URL	mascot.dat	Value	Description
sort		startup	Sort table of peptides by ascending start residue number, (default)
		massup	Sort table of peptides by ascending mass
		massdown	Sort table of peptides by descending mass
showall		true	Show all calculated peptides, not just matched peptides
showall		false	Show just matched peptides, (default)
_showallfromerrortolerant	ShowAllFromErrorTolerant	1	Set value to 1 to report all matches from an error tolerant search, including the garbage, (default 0)
_onlyerrortolerant		1	Set value to 1 to report only error tolerant matches from an automatic error tolerant search, (default 0)
_noerrortolerant		1	Set value to 1 to suppress error tolerant matches from an automatic error tolerant search, (default 0)
_show_decoy_report		1	Set value to 1 to to display the report for an automatic decoy database search, (default 0)
_sigthreshold	SigThreshold	N	Probability to use for the significance threshold. Range is 0.99 to 1E-18. Default is 0.05.
_ignoreionsscorebelow	IgnoreIonsScoreBelow	N	Values greater than 0 and less than 1 act as an expect value threshold, and the scores for any peptide matches with higher expect values are set to 0, so that they disappear from the report. Values of 1 or more act as a score threshold, and any peptide matches with lower scores suppressed. Floating point number, (default 0.0).

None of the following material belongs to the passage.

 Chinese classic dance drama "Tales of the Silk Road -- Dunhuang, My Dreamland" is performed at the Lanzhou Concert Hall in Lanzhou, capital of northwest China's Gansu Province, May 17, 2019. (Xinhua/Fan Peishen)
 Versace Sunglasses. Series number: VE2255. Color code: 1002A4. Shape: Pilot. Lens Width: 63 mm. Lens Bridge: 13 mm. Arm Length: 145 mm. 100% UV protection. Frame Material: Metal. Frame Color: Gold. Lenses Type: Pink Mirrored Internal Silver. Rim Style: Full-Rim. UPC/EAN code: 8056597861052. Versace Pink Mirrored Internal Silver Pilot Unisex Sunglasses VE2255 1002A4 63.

_server_mudpit_switch	MudpitSwitch	N	Protein score calculation switches to large search mode when the ratio between the number of queries and the number of database entries, (after any taxonomy filter), exceeds this value, (default 0.001).
_featuretablelength	FeatureTableLength	N	Length of database entry in bases at which protein view switches to GenBank output. Default 30000
_featuretableminscore	FeatureTableMinScore	N	Score threshold for inclusion in GenBank feature table format, if undefined then report includes matches that exceed lower of homology or identity threshold
indyenzyme		N	If enzyme was independent, display cleavage products for this specificity index
frame		N	For a nucleic acid database, display matches in this frame number
percolate	Percolator	1	Set value to 1 to re-rank results using Percolator, (default 0).
percolate_rt	PercolatorUseRT	1	Set value to 1 to include retention time feature when using Percolator, (default 0).